When the war in Ukraine began, I was playing Wordle every day. The violence of Russia’s unprovoked invasion threw me off that daily pastime. It was impossible to carry on as usual. I regularly argued with people who denied Russian war crimes or blamed them on Ukraine or Nato. My sister went twice to Ukraine as a photojournalist, and I was so worried for her that I couldn’t sleep properly (she came back safely).
One of the ways I used to cope was playing Geoguessr, an online game where you try to geolocate random google maps sites. Researchers use geolocation to verify and investigate remote war crimes. For years, I’ve been following the groundbreaking work of such researchers as Bellingcat or Forensic Architecture.
My purpose was trivial, only a way to take my mind off the war without forgetting it.

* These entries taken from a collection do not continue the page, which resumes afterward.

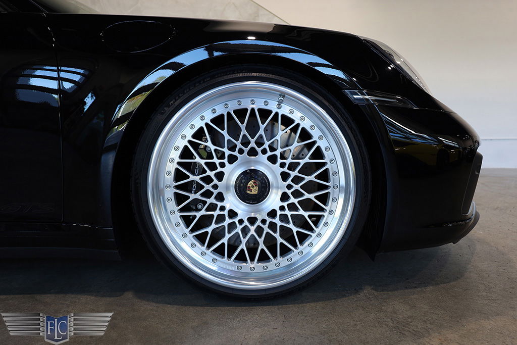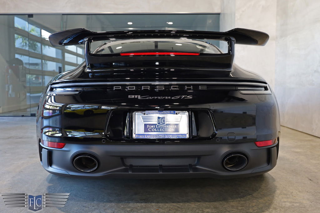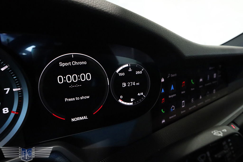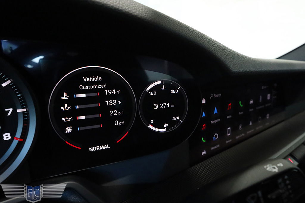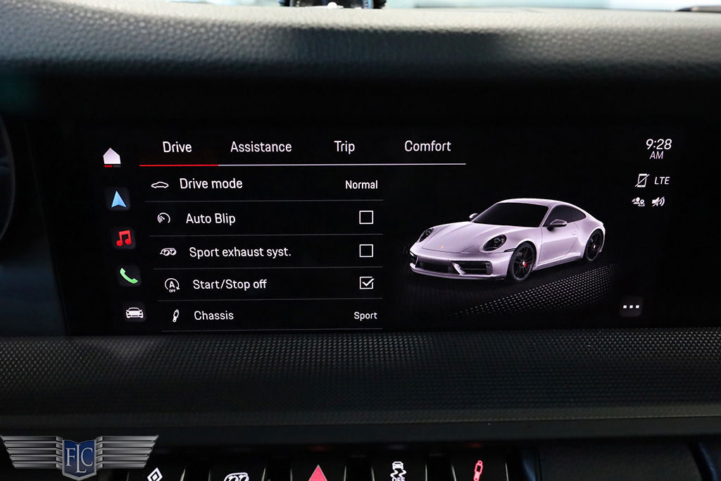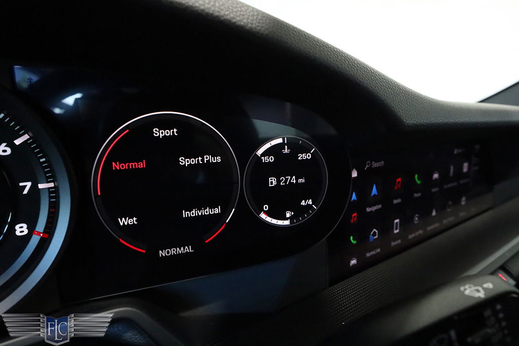 Inside the cabin, the GTS remains unmistakably 911, but with thoughtful upgrades. You’ll find a modern, driver-focused layout with high-quality materials, Carbon Fiber Bucket Seats with Houndstooth Seat Inserts, and optional carbon fiber trim. Standard features typically include Porsche’s adaptive sport suspension (PASM) with a 10mm lower ride height compared to the standard Carrera, and rear-axle steering becomes standard on the GTS, enhancing high-speed stability and low-speed maneuverability. This being a 2024, it is the last year you could get a Manual Transmission which this car has!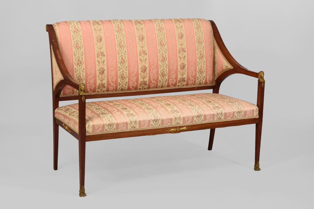 Sofabank im klassizistischen Stil mit antikisierenden Bronzeapplikationen, roséfarben gestreifter Bezug mit Blumen. Alters-/Gebrauchsspuren, Polster und Bezug ergänzt.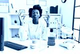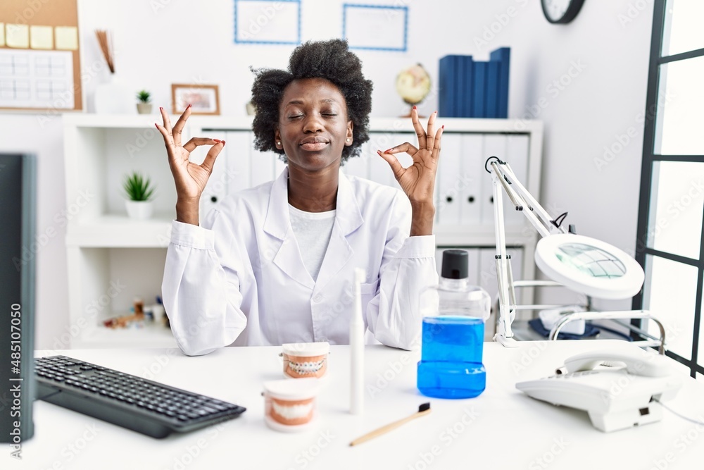 African dentist woman working at medical clinic relax and smiling with eyes closed doing meditation gesture with fingers. yoga concept.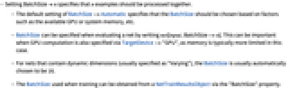 - BatchSize can be specified when evaluating a net by writing net[input,BatchSize->n]. This can be important when GPU computation is also specified via TargetDevice->"GPU", as memory is typically more limited in this case.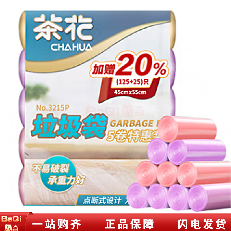 商品名称:茶花 垃圾袋3215P一次性点断式加厚垃圾袋45*55特惠5卷装垃圾袋清洁袋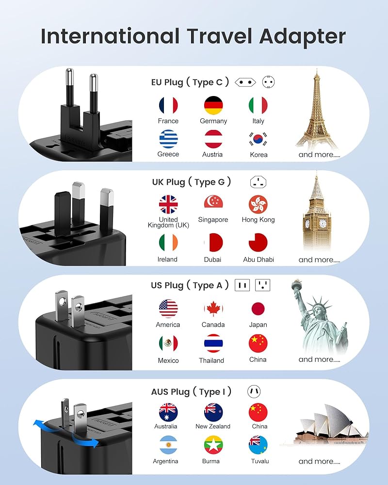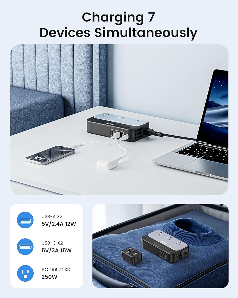محول طاقة دولي 7 في 1: محول السفر الخاص بنا يحول المقبس الأجنبي إلى 3 منافذ تيار متردد أمريكية (250 واط كحد أقصى)، 2 USB-C (5 فولت/3 أمبير، 15 واط كحد أقصى) و2 USB-A (5 فولت) /2.4 أمبير، 12 واط كحد أقصى)، مما يسمح لك بشحن 7 أجهزة في وقت واحد. يلبي هذا الحل المكون من قطعة واحدة احتياجات الشحن المختلفة أثناء السفر إلى الخارج، وهو مثالي لأجهزة تمليس الشعر ومكواة تجعيد الشعر والهواتف المحمولة وأجهزة الكمبيوتر المحمولة والكاميرات وبنوك الطاقة وشفرات الحلاقة والمزيد.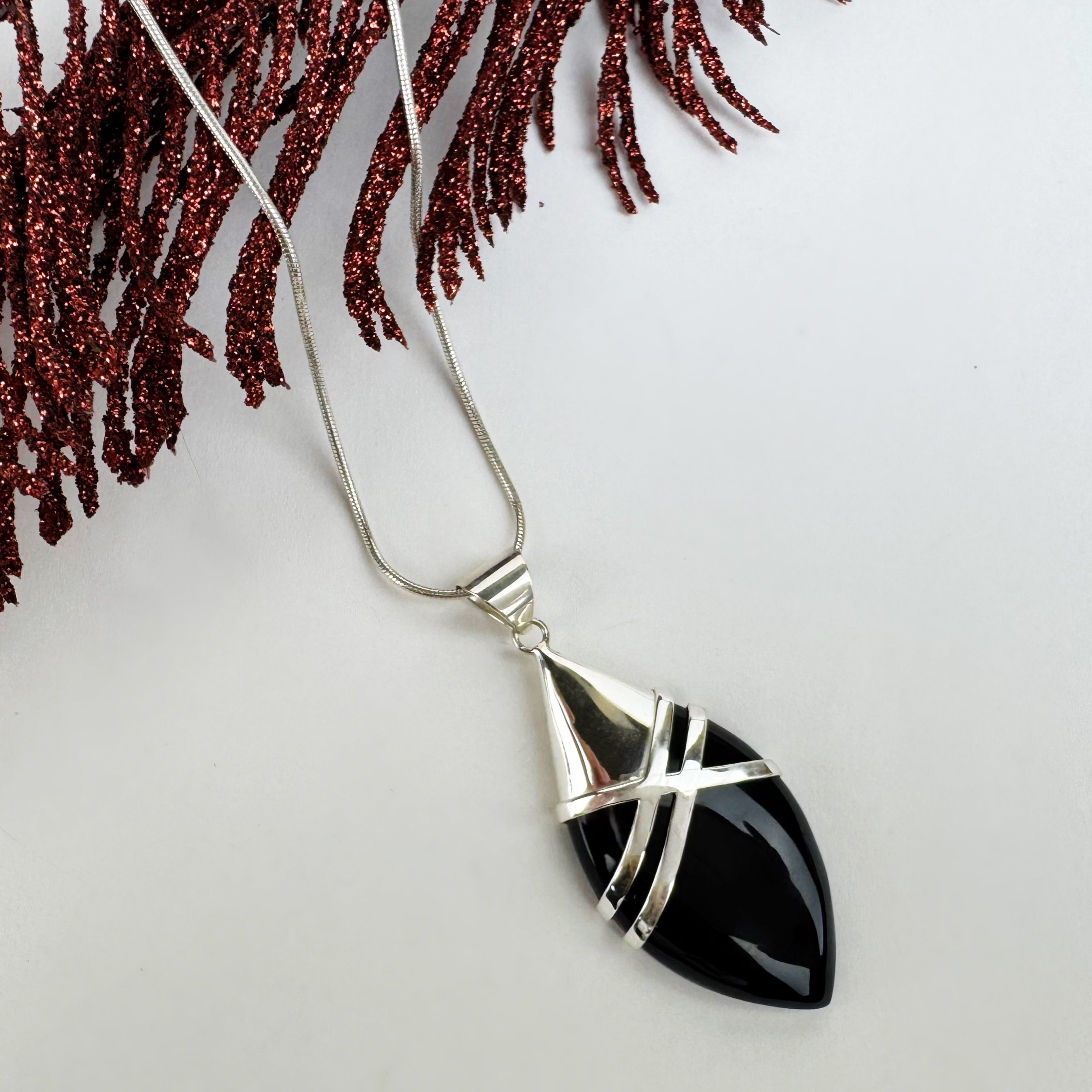 Present an elegant & timeless statement with the Elenore Pendant. This exquisite piece is handcrafted with a criss-cross of Silver adorning this unique elliptical shaped black shell pendant for a captivating piece that is sure enchant.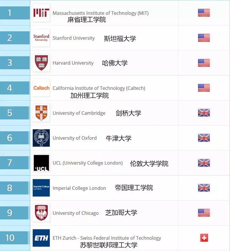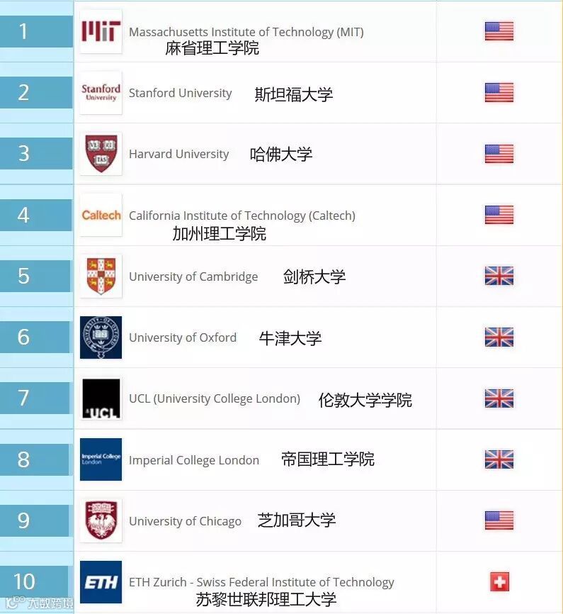榜单上前十名高校均来自于欧美国家,与去年一样,麻省理工学院(Massachusetts Institute of Technology)再次位居榜首。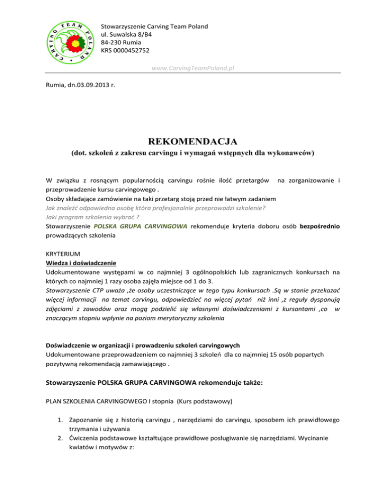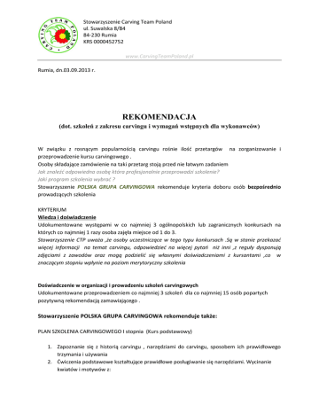 Stowarzyszenie Carving Team Poland ul. Suwalska 8/B4 84-230 Rumia KRS 0000452752 www.CarvingTeamPoland.pl Rumia, dn.03.09.2013 r. REKOMENDACJA (dot. szkoleń z zakresu carvingu i wymagań wstępnych dla wykonawców) W związku z rosnącym popularnością carvingu rośnie ilość przetargów na zorganizowanie i przeprowadzenie kursu carvingowego . Osoby składające zamówienie na taki przetarg stoją przed nie łatwym zadaniem Jak znaleźć odpowiedna osobę która profesjonalnie przeprowadzi szkolenie? Jaki program szkolenia wybrać ? Stowarzyszenie POLSKA GRUPA CARVINGOWA rekomenduje kryteria doboru osób bezpośrednio prowadzących szkolenia KRYTERIUM Wiedza i doświadczenie Udokumentowane występami w co najmniej 3 ogólnopolskich lub zagranicznych konkursach na których co najmniej 1 razy osoba zajęła miejsce od 1 do 3. Stowarzyszenie CTP uważa ,że osoby uczestniczące w tego typu konkursach .Są w stanie przekazać więcej informacji na temat carvingu, odpowiedzieć na więcej pytań niż inni ,z reguły dysponują zdjęciami z zawodów oraz mogą podzielić się własnymi doświadczeniami z kursantami ,co w znaczącym stopniu wpłynie na poziom merytoryczny szkolenia Doświadczenie w organizacji i prowadzeniu szkoleń carvingowych Udokumentowane przeprowadzeniem co najmniej 3 szkoleń dla co najmniej 15 osób popartych pozytywną rekomendacją zamawiającego . Stowarzyszenie POLSKA GRUPA CARVINGOWA rekomenduje także: PLAN SZKOLENIA CARVINGOWEGO I stopnia (Kurs podstawowy) 1. Zapoznanie się z historią carvingu , narzędziami do carvingu, sposobem ich prawidłowego trzymania i używania 2. Ćwiczenia podstawowe kształtujące prawidłowe posługiwanie się narzędziami. Wycinanie kwiatów i motywów z: Stowarzyszenie Carving Team Poland ul. Suwalska 8/B4 84-230 Rumia KRS 0000452752 www.CarvingTeamPoland.pl a. b. c. d. e. f. Kwiatki z rzodkiewki (2 rodzaje) Cukinii ( kwiaty i liście ) Marchewki ( szyszka i 1 rodzaj kwiatka ) Róża z kalarepy lub buraka Kwiat w melonie (dowolny rodzaj) z dodatkowymi motywami roślinnymi Arbuz lub dynia - według uznania instruktora ( może posłuży jako element egzaminu lub weryfikacji zdobytej wiedzy przez kursantów) 3. Tworzenie kompozycji kwiatowej z wyrzeźbionych owoców i warzyw 4. Omówienie sposobów przechowywania i pielęgnacji dekoracji carvingowych Pozostałe elementy instruktorzy mogą dobrać według swego uznania lub indywidualnych umów z zamawiającym W imieniu Zarządu 1. Paweł Sztenderski, sekretarz CTP 2. Grzegorz Gniech, skarbnik CTP

One day, I randomly landed in Ukraine. One way to gather clues to identify a location is to look at advertisements. Products, brands, and web addresses are tell-tale signs that help locate places. I paused across a billboard, noticing it was typeset in Comic Sans. I don’t share the disdain that most designers throw at Comic Sans. To me is a powerful reminder of the places and tasks designers can’t enter or do simply by being designers. Designers hate Comic Sans because it symbolizes all the places they are unwilling to join. I imagined a stereotypical design going to a war zone and noticing only the inappropriateness of a Comic Sans billboard.
Designers’ social and political interventions are weighted down by an obsession with design as a profession. Politics is reduced to a form of professional ethics and societe to a trove of potential clients. Comic Sans means some places escape this mindset.
Outside that narrow outlook, there are innovative ways to think about graphic meaning, images, and typefaces. The investigative methods of Bellingcat and Forensic Architecture point the way.